* Your objective: Where a picture appears, skip it; print everything else in the records exactly as it stands.
┄┄┄┄┄┄┄┄┄┄┄┄┄┄┄┄┄┄┄┄
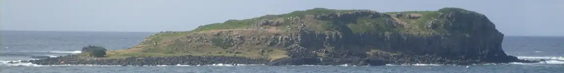 Cook Island is formed of “rocks from the Lismore Basalt Group, formed by lava flows from the Mount Warning Shield Volcano approximately 20 million years ago.”[2]: 2 The Island is a “protrusion of eroded basalt” of a maximum height of 24.8 metres (81 ft) above sea level and topped with a plateau. The western side of the island has a “gentle” slope while the remaining sides are “sheer cliffs” dropping to “low-lying rock shelves”. The top of the island and its western side are overlaid by a “shallow cover of topsoil.” A “semi-permanent freshwater basin” is located in the island's northern side.[2]: 2
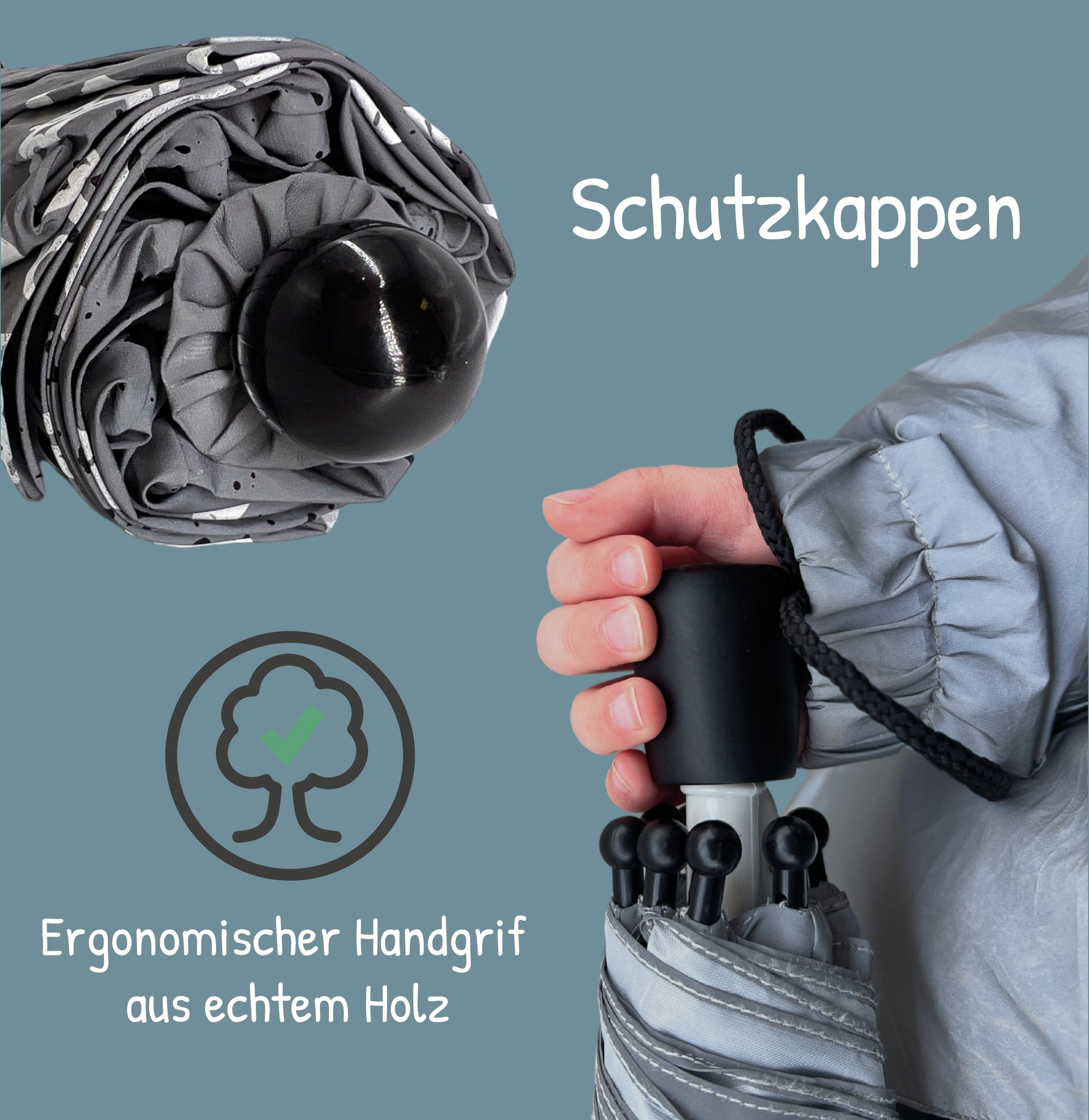 - Sicherheitsmerkmale: Kunststoffkugeln an den Schirmspitzen minimieren Verletzungsrisiken
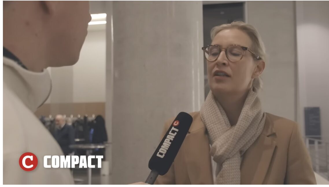 Madame Weidel, cependant, ne semble pas du tout partager l’enthousiasme de ses collègues voyageurs. De manière décevante, lorsqu’on connaît son courage, Weidel, durant cette interview exclusive par COMPACT, me semble plutôt faire du Marine le Pen à vouloir plaire à la presse mainstream qui hurle au loup et à la trahison. Son intelligence, son esprit d’à-propos… font soudain défaut, lorsqu’elle lance que la AfD n’est même pas encore un parti de gouvernement et qu’une telle visite serait dans ce cas inappropriée, tout en bredouillant une histoire sur Viktor Orban qui visite la Maison Blanche. C’en est pénible. On parle d’exclusion … Elle devrait revenir à la raison.
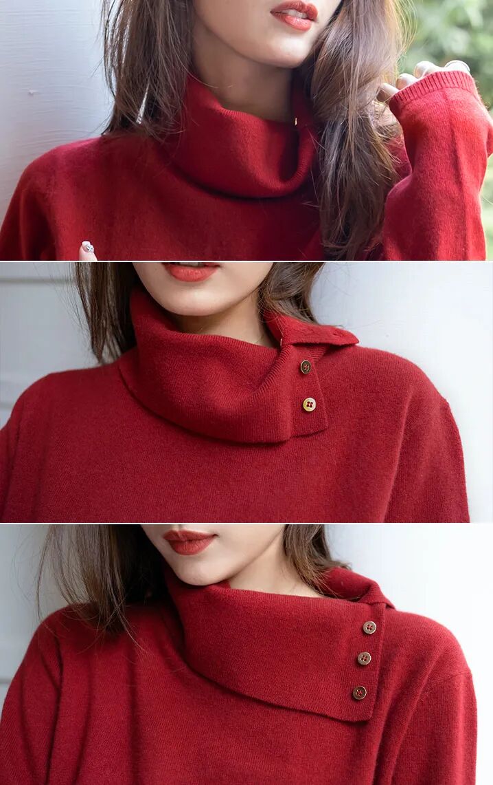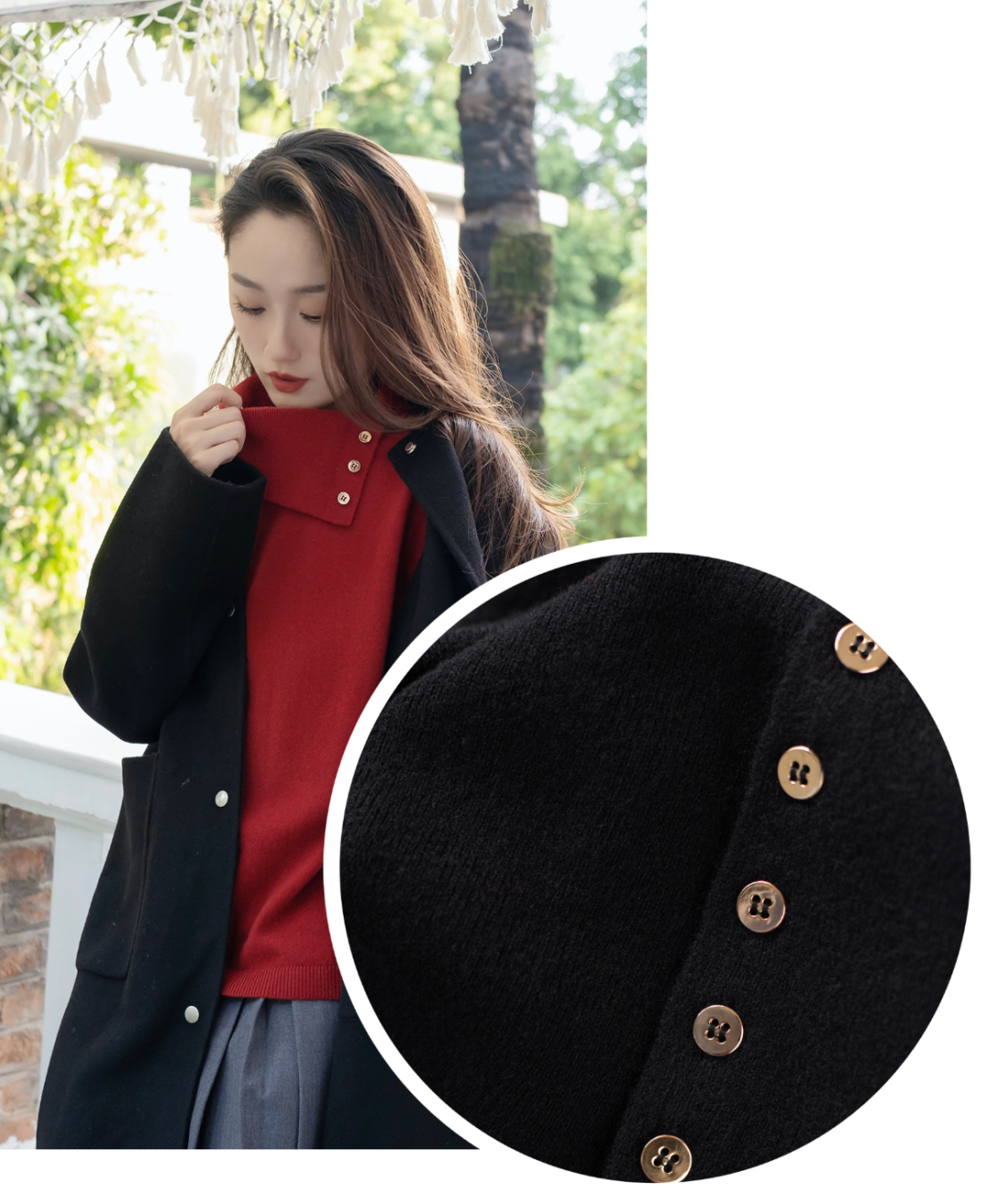 除了穿起来好看,它当然必须满足我室内室外随时切换搭配的需求,无论任何场合、任何时候穿上都是适宜妥帖的,还有,要显瘦。冬天穿了件不适合整体露出的内搭,进了室内后,无论热气开得有多足,额角上是不是都沁出了汗也无所谓,反正死都不肯脱外套,这样全天下只有自己一个人知道衣服里面穿了啥(黄小姐听说这段儿后为此笑了我许久)。这种窘迫当然是记忆犹新,以至于之后每次买衣服前我都会再三考虑,如果做内搭这件衣服是不是有亮点,单穿会不会百搭。毕竟有太多内搭单看实在寡淡如秋衣,它们的全部存在价值就集中于那些做搭配时露出来的边边角角……所以,当初设计这件毛衣的时候,这个最最明显的“一排金扣”高领,就是想给所有担心高领毛衣穿着丑的姑娘们一个极大的安全感。一来是每个人的脖子长度不一样,同一件贴脖子的全高领,有的人穿起来领口刚好到下巴,显得很挺括,可换其他人穿,松垮的领子就全团在脖子里,翻下来不够拉上去又太长,简直进退两难。但做成可调节的纽扣,就方便了很多。5颗金扣子,想要什么高度都能随心控制。歪个楼,这个扣子大家也很熟悉,是我们去年做开衫用的定制小金扣。这次用了回来,我依然是怎么看都觉得天呐这个浅浅的米金色扣子简直是太好了!不会拉坠领口,穿着看着特别平整美观;也不会抢了整件衣服的优雅,影响造型的简练程度,非常高级。买过的姑娘们应该都知道这排品质感优秀的小金扣有多漂亮,配黑色复古、配虞美人红大气,作为一个装饰点,它能够让各种轮廓简练看上去“平平无奇”的衣服,焕然一新。二来,领口的纽扣设计,让整个领子的形状也可以随意调整:
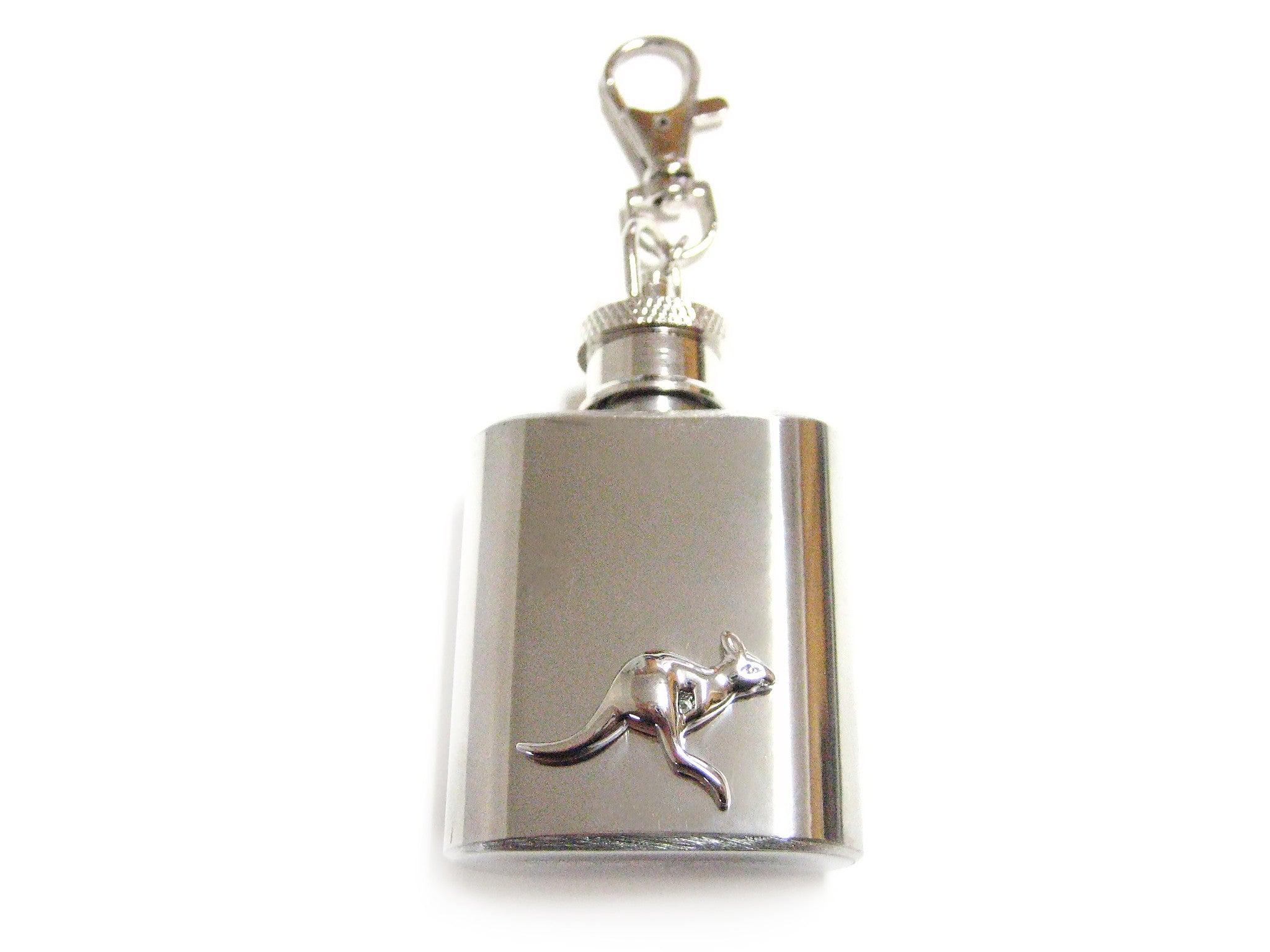 1 oz. Stainless Steel Key Chain Flask with Kangaroo Pendant by Kiola Designs
┄┄┄┄┄┄┄┄┄┄┄┄┄┄┄┄┄┄┄┄
* Response below:
 Cook Island is formed of “rocks from the Lismore Basalt Group, formed by lava flows from the Mount Warning Shield Volcano approximately 20 million years ago.”[2]: 2 The Island is a “protrusion of eroded basalt” of a maximum height of 24.8 metres (81 ft) above sea level and topped with a plateau. The western side of the island has a “gentle” slope while the remaining sides are “sheer cliffs” dropping to “low-lying rock shelves”. The top of the island and its western side are overlaid by a “shallow cover of topsoil.” A “semi-permanent freshwater basin” is located in the island's northern side.[2]: 2
 - Sicherheitsmerkmale: Kunststoffkugeln an den Schirmspitzen minimieren Verletzungsrisiken
 Madame Weidel, cependant, ne semble pas du tout partager l’enthousiasme de ses collègues voyageurs. De manière décevante, lorsqu’on connaît son courage, Weidel, durant cette interview exclusive par COMPACT, me semble plutôt faire du Marine le Pen à vouloir plaire à la presse mainstream qui hurle au loup et à la trahison. Son intelligence, son esprit d’à-propos… font soudain défaut, lorsqu’elle lance que la AfD n’est même pas encore un parti de gouvernement et qu’une telle visite serait dans ce cas inappropriée, tout en bredouillant une histoire sur Viktor Orban qui visite la Maison Blanche. C’en est pénible. On parle d’exclusion … Elle devrait revenir à la raison.
 除了穿起来好看,它当然必须满足我室内室外随时切换搭配的需求,无论任何场合、任何时候穿上都是适宜妥帖的,还有,要显瘦。冬天穿了件不适合整体露出的内搭,进了室内后,无论热气开得有多足,额角上是不是都沁出了汗也无所谓,反正死都不肯脱外套,这样全天下只有自己一个人知道衣服里面穿了啥(黄小姐听说这段儿后为此笑了我许久)。这种窘迫当然是记忆犹新,以至于之后每次买衣服前我都会再三考虑,如果做内搭这件衣服是不是有亮点,单穿会不会百搭。毕竟有太多内搭单看实在寡淡如秋衣,它们的全部存在价值就集中于那些做搭配时露出来的边边角角……所以,当初设计这件毛衣的时候,这个最最明显的“一排金扣”高领,就是想给所有担心高领毛衣穿着丑的姑娘们一个极大的安全感。一来是每个人的脖子长度不一样,同一件贴脖子的全高领,有的人穿起来领口刚好到下巴,显得很挺括,可换其他人穿,松垮的领子就全团在脖子里,翻下来不够拉上去又太长,简直进退两难。但做成可调节的纽扣,就方便了很多。5颗金扣子,想要什么高度都能随心控制。歪个楼,这个扣子大家也很熟悉,是我们去年做开衫用的定制小金扣。这次用了回来,我依然是怎么看都觉得天呐这个浅浅的米金色扣子简直是太好了!不会拉坠领口,穿着看着特别平整美观;也不会抢了整件衣服的优雅,影响造型的简练程度,非常高级。买过的姑娘们应该都知道这排品质感优秀的小金扣有多漂亮,配黑色复古、配虞美人红大气,作为一个装饰点,它能够让各种轮廓简练看上去“平平无奇”的衣服,焕然一新。二来,领口的纽扣设计,让整个领子的形状也可以随意调整:
 1 oz. Stainless Steel Key Chain Flask with Kangaroo Pendant by Kiola Designs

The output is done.